[TASK ITEM] Extract every line between the one with "Referencia: CCMA-006 AIREADORA" and the end of the entries, both included, word for word and free of pictures.

[PROVIDED DATA]

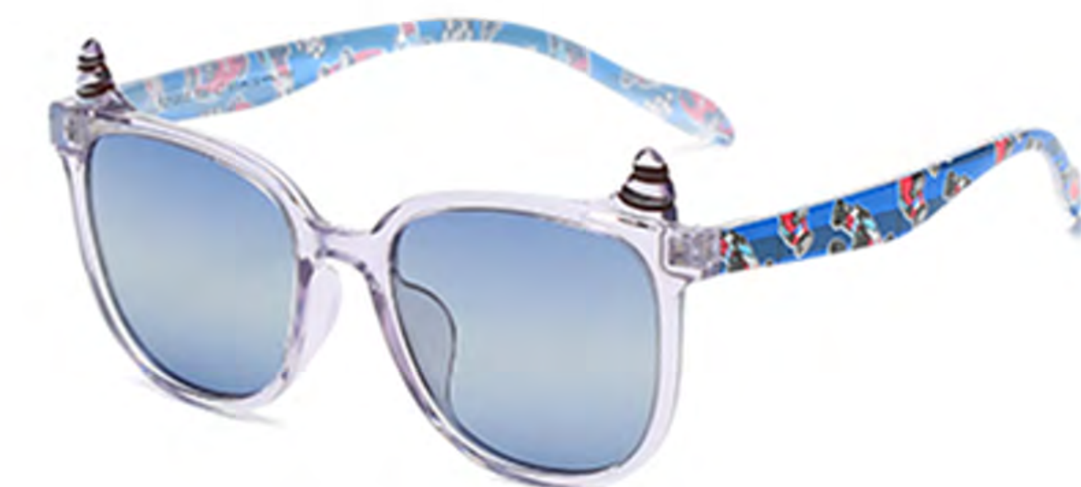
NO.4 T29 透明紫渐变蓝
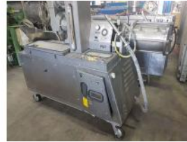
Referencia: CCMA-006 AIREADORA Año: . Marca: HANSAWERKE
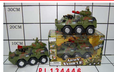
Auto wojskowe n/b PL134446
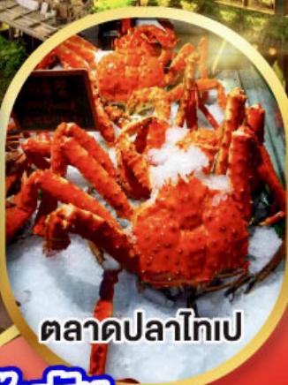
ตลาดปลาไทเป
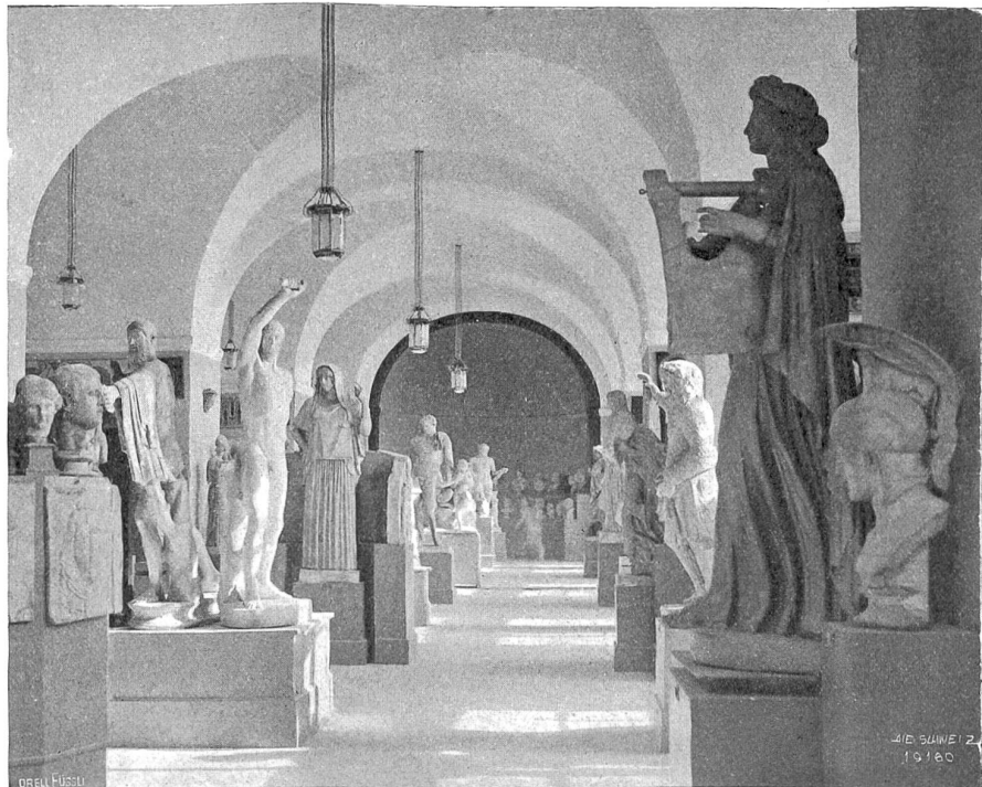
Archäologische Sammlung der Universität Zürich. Blick in den Lichtof (oben) und in die Große Halle (unten).
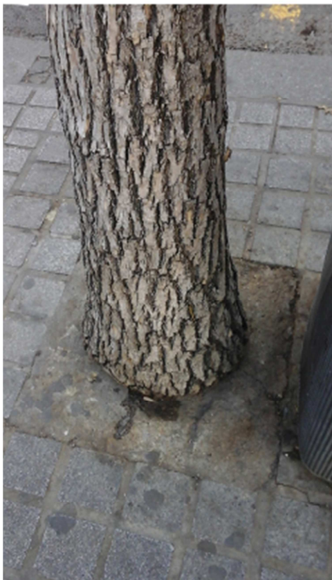
Detalle alcornoque cegado con adoquines y cemento: anillamiento del tronco y posible anoxia radicular.
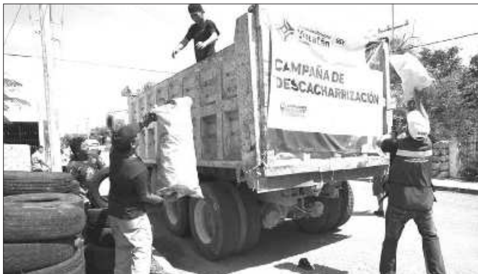
▲ La campaña comprende 263 colonias, 230 mil 720 viviendas, 44 comisarías y colonias aledañas a la periferia de la capital, con una cobertura de 11 mil 536 ha.

El titular de la Secretaría de Salud de Yucatán (SSY), Mauricio Sauri Vivas, hizo un llamado a la ciudadanía, para que eliminen los cacharros tales como: botellas, latas, llantas, cubetas, envases y diversos recipientes que son utilizados por los mos-

[SOLUTION BELOW]
Referencia: CCMA-006 AIREADORA Año: . Marca: HANSAWERKE
Auto wojskowe n/b PL134446
ตลาดปลาไทเป
Archäologische Sammlung der Universität Zürich. Blick in den Lichtof (oben) und in die Große Halle (unten).
Detalle alcornoque cegado con adoquines y cemento: anillamiento del tronco y posible anoxia radicular.
▲ La campaña comprende 263 colonias, 230 mil 720 viviendas, 44 comisarías y colonias aledañas a la periferia de la capital, con una cobertura de 11 mil 536 ha.

El titular de la Secretaría de Salud de Yucatán (SSY), Mauricio Sauri Vivas, hizo un llamado a la ciudadanía, para que eliminen los cacharros tales como: botellas, latas, llantas, cubetas, envases y diversos recipientes que son utilizados por los mos-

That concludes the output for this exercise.